Albini perseguitati: uccisi, stuprati, mutilati per fare pozioni

Albini perseguitati per superstizione
La persecuzione degli albini

In molte parti dell’Africa gli albini sono visti come portatori di sventura oppure come esseri semi-magici semplicemente perché diversi dalla maggioranza, in entrambi i casi comunque la sorte di una persona albina è segnata alla nascita. I pregiudizi sono radicati nell’ignoranza e sono implacabili: gli albini vengono uccisi per paura oppure fatti a pezzi per preparare fantasiose pozioni magiche con l’idea di guarire dalle malattie e vengono violentati sia adulti che bambini per la convinzione di poter guarire dall’AIDS.
Albinismo
L’albinismo è una anomalia congenita: la carenza – o totale assenza – di pigmentazione melanica nella pelle, peli, capelli rende gli albini molto sensibili alla luce e data la mancanza di melanina sono a rischio di tumore della pelle.
Tanzania
Uno su 1.400 tanzaniani è albino, nel resto del mondo le proporzioni sono ben diverse: uno su 20.000 persone. Si ipotizza che la culla dell’albinismo sia proprio la Tanzania.
Aumentano le persecuzioni: aumenta il numero di abusi sessuali e di attacchi, sia nelle zone rurali sia nelle città. In 2 settimane sono stati massacrati 3 albini e 5 sono stati assaliti. Peter Ash, fondatore dell’associazione “Under the Same Sun”, spiega che solo il 5% dei casi di violenza arriva in tribunale, è altissima la paura e la sfiducia nel governo.

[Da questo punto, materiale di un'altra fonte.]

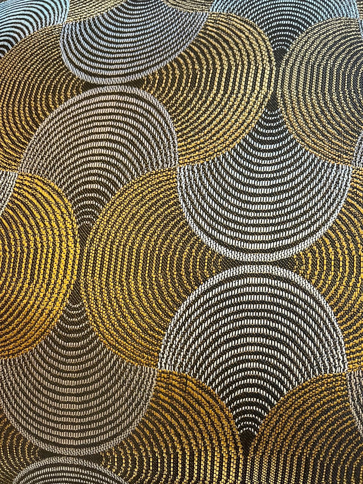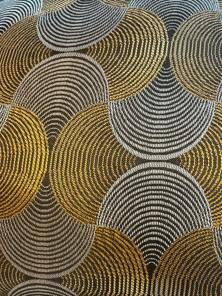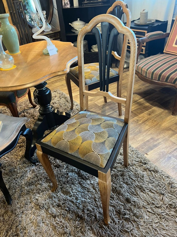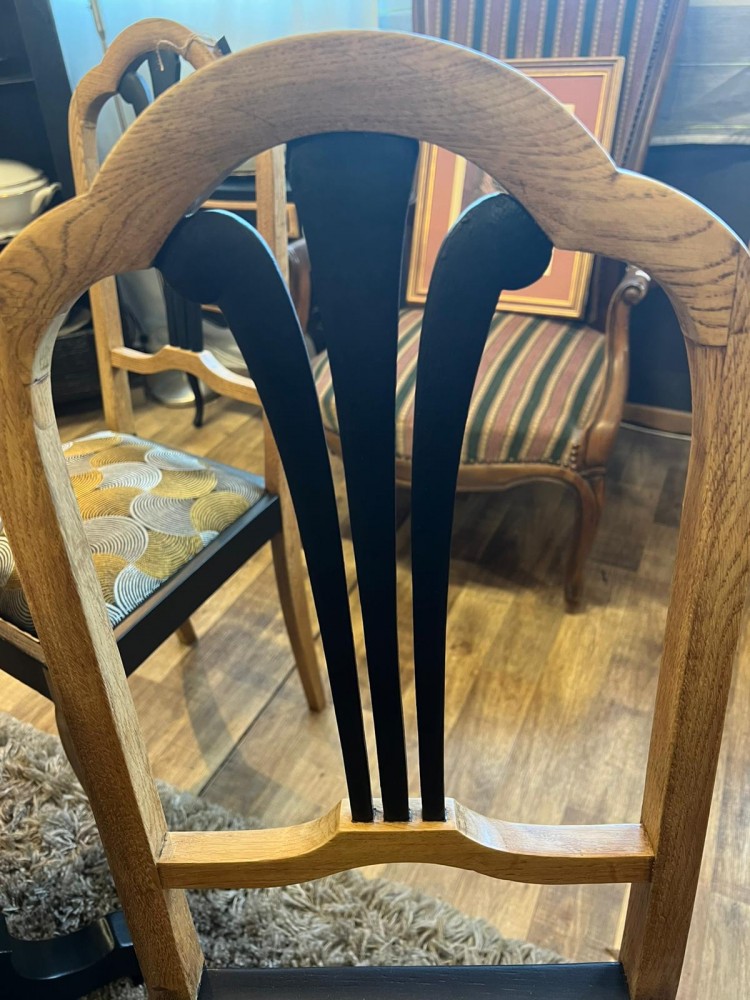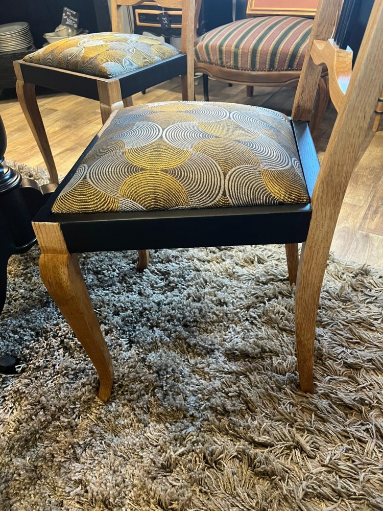 Chaise art déco en bois clair, assise et dossier peint en noir. Assise tapissée d'un motif Jaquard.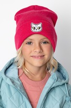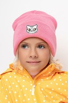 Двойная розовая шапка из полушерсти. Украшена нашивкой с изображением котика.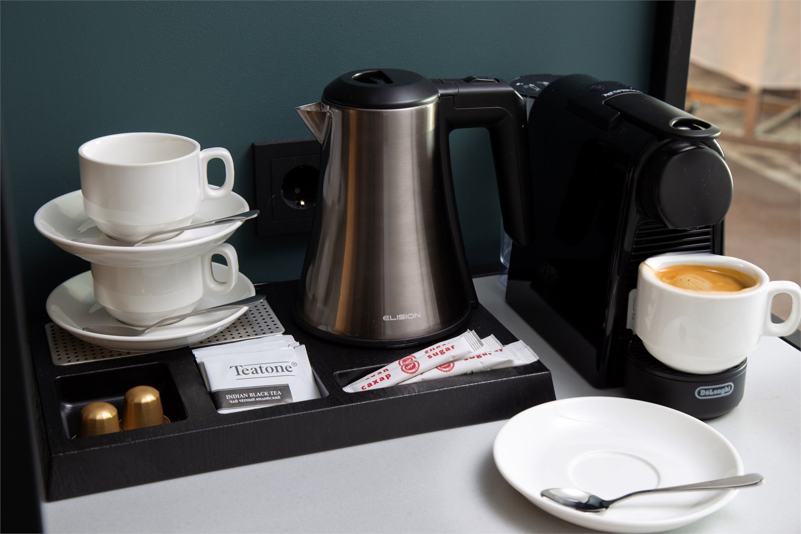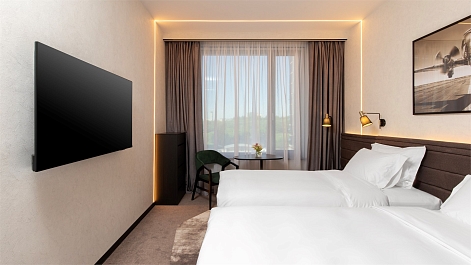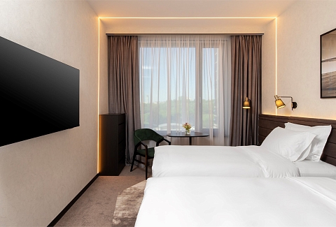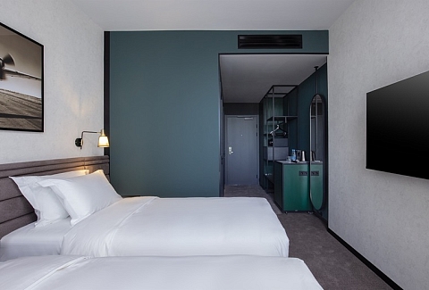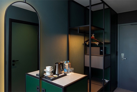 В номере: вешалка, зеркало, кровати односпальные, прикроватные тумбочки, стол, стул, шкаф, гладильная доска, кондиционер, мини-холодильник, сейф, телевизор, телефон, утюг, чайная станция, чайный набор посуды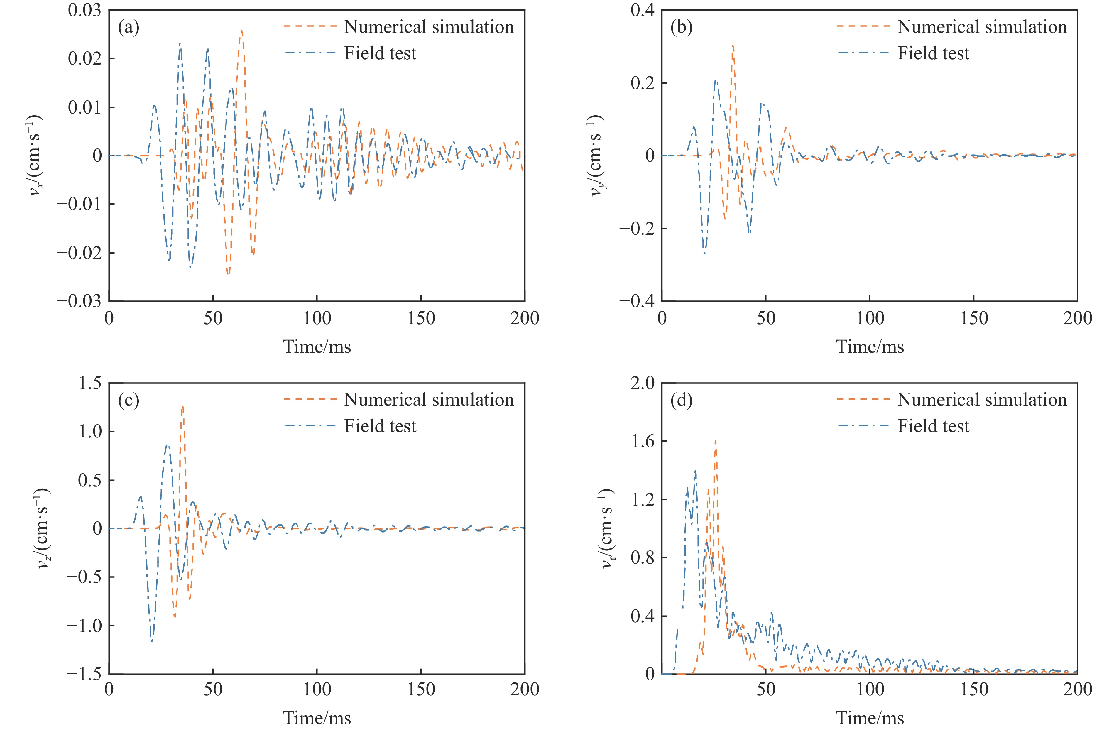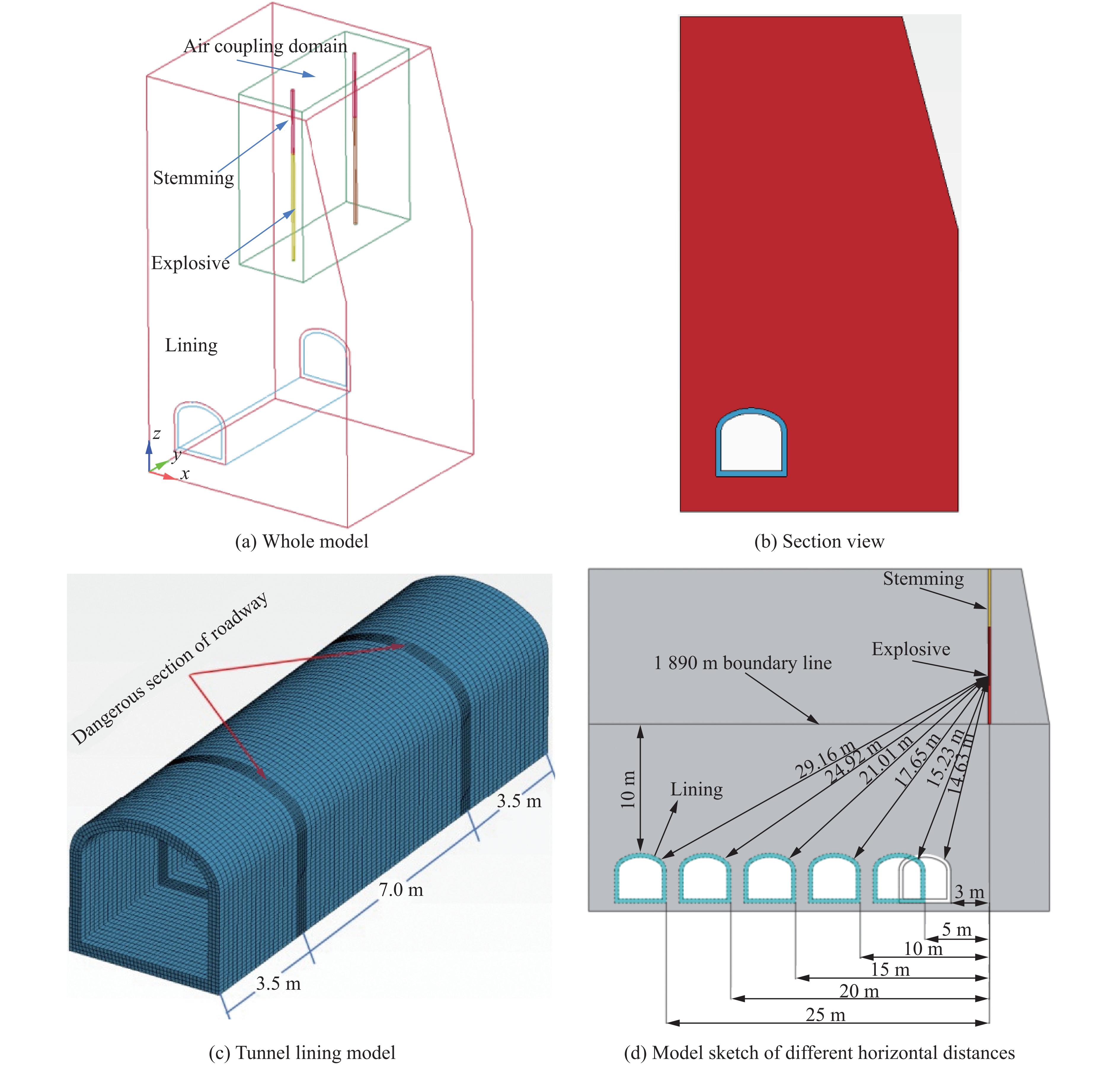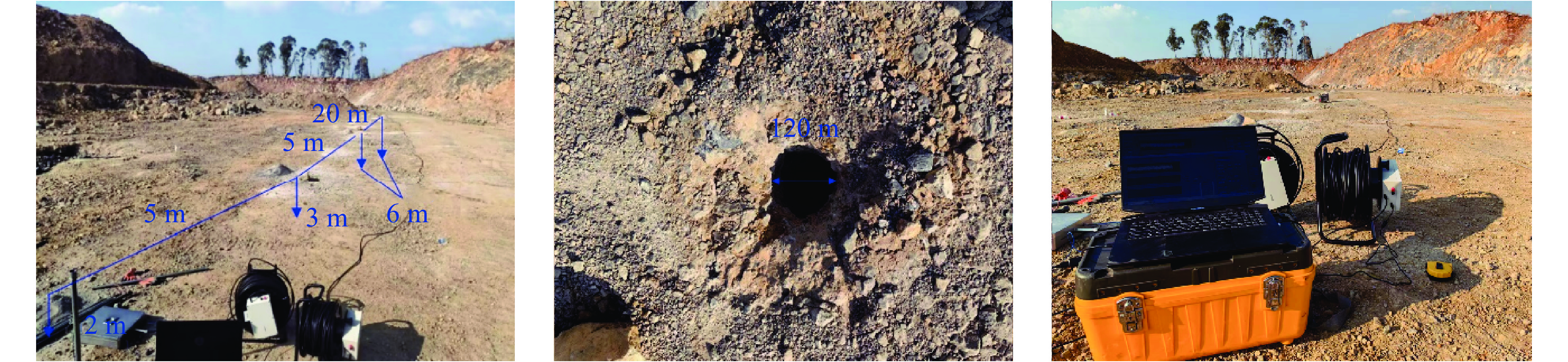在露天爆破中,最小抵抗线决定了爆破能量释放的主导方向和岩石运动速度的方向,是控制爆破作用范围、岩石破碎效果及抛掷路径的核心因素。基于DEM-PBM(discrete element method-population balance model)耦合的爆破漏斗数值模拟方法,通过多尺度建模与试验数据协同分析,结合现场爆破漏斗试验,对不同最小抵抗线下爆破漏斗破岩规律进行了研究,以优化爆破参数,提高爆破效率和安全性。数值模拟结果表明:当抵抗线长度为1.05 m时,20 ms时的爆破扩腔面积比5 ms时增长70.33%;当抵抗线长度为1.85 m时,爆破扩腔面积增长11.42%。对比不同抵抗线下破碎块度的抛掷作用效果,当抵抗线长度为1.05 m时,抛掷效果最佳。现场爆破漏斗试验结果显示:当抵抗线长度增大时,爆破漏斗体积变小;当抵抗线长度为1.05 m时,爆破漏斗体积最大,与数值模拟得到的爆破扩腔规律相似。现场爆破块度尺寸分形规律分析结果表明,当抵抗线长度为1.05 m、炮孔深度为1.2 m时,抛掷岩石块体较多,块度分布适中,破碎块体抛掷作用效果最佳。研究结果可为现场钻爆参数优化提供一定参考。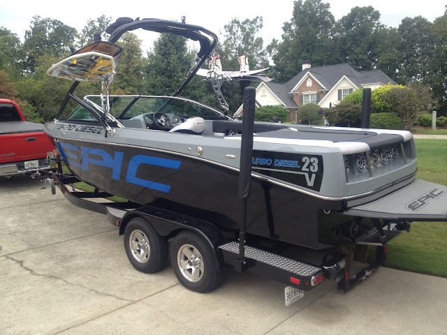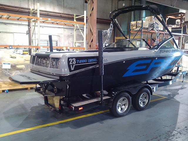На прошлой выставке SURF EXPO стоял скромный стенд дизельных двигателей Hyundai с демо-катером Malibu VLX. Стенд особого ажиотажа не вызвал и возле него особо никто не толпился. Тем не менее прошел почти год и мы видим - старый новый Epic 23V с новым дизельным сердцем. Компания продолжает экспериментировать, главное, чтобы у производителя Epic Boats хватило средств на все проекты. По заверениям сотрудников Hyundai расход этого двигателя в смешанном режиме буксировки - 17 литров в час. Подробности - через неделю.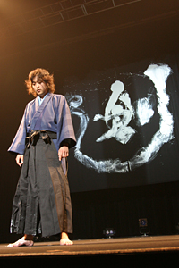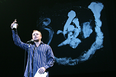 いよいよスペシャルイベント開場の時間となり、観客が一斉に開場へ戻ると、壇上では村上功氏の和太鼓の演奏とともに書道家の武田双雲氏によるライブドローイングがおこなわれていた。迫力ある和太鼓の鼓動に合わせ、武田氏が力強い線を描き出す様を間近で見ることができる貴重な体験だ。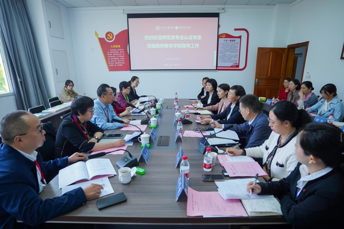 侯忠明感谢专家组和领导莅临我校指导师范类专业建设,并以“赓续师范传统、担当育人使命,以专业认证推动学校内涵式高质量发展”为题就学校教师教育工作总体情况作补充说明。他说,师范教育是我校鲜明厚重的办学底色,质量提升是学校师范教育的始终追求,学校不断优化师范专业结构布局,创新师范人才培养机制,深化教师教育教学改革,保障教师教育办学资源、构建教师教育质量文化,整合区域教师教育资源,不断凸显师范教育的培养质量和特色,全面保障和提高师范专业人才培养质量。本次认证工作,既是对我校师范专业培养质量的一次全面检验,也给全校师生提供了一次学习求教的难得机会。恳请专家全面考查、把脉问诊,多提宝贵意见建议,学校将按照以评促建、以评促改、以评促强的工作思路,以务实的作风,积极配合、全力支持、认真整改,确保本次师范类专业认证工作顺利进行。

Pregiudizi, superstizioni e altre menzogne: la persecuzione
Dalla popolazione diffidente un albino può essere considerato un fantasma, oppure portatore di guai e la famiglia in cui nasce viene considerata maledetta.
Sedicenti guaritori inoltre creano talismani e pozioni fra i cui ingredienti vi sono porzioni di corpo come sangue e genitali. Le pozioni servono per preservare la salute, guarire malattie o anche solo per ottenere prosperità per il cliente che le acquista. Viene venduto a 75 mila dollari il “set” di albino che comprende orecchie, lingua, naso, genitali e gli arti di un innocente.
Centri
Notizie sulla persecuzione delle persone albine sono state diffuse nel 2006 dopo un’ondata di violenza contro questa minoranza. L’opinione pubblica ha fatto pressione sul governo perché intervenisse tempestivamente. Così sono stati creati dei centri di accoglienza per i bambini vittima di persecuzione. Ma questi centri pare siano mal amministrati. A denunciarlo è Alicia Londono, funzionario dell’Organizzazione delle Nazioni Unite (ONU) per i diritti umani, la quale parla di segregazione, abusi, torture su cui è doveroso fare luce.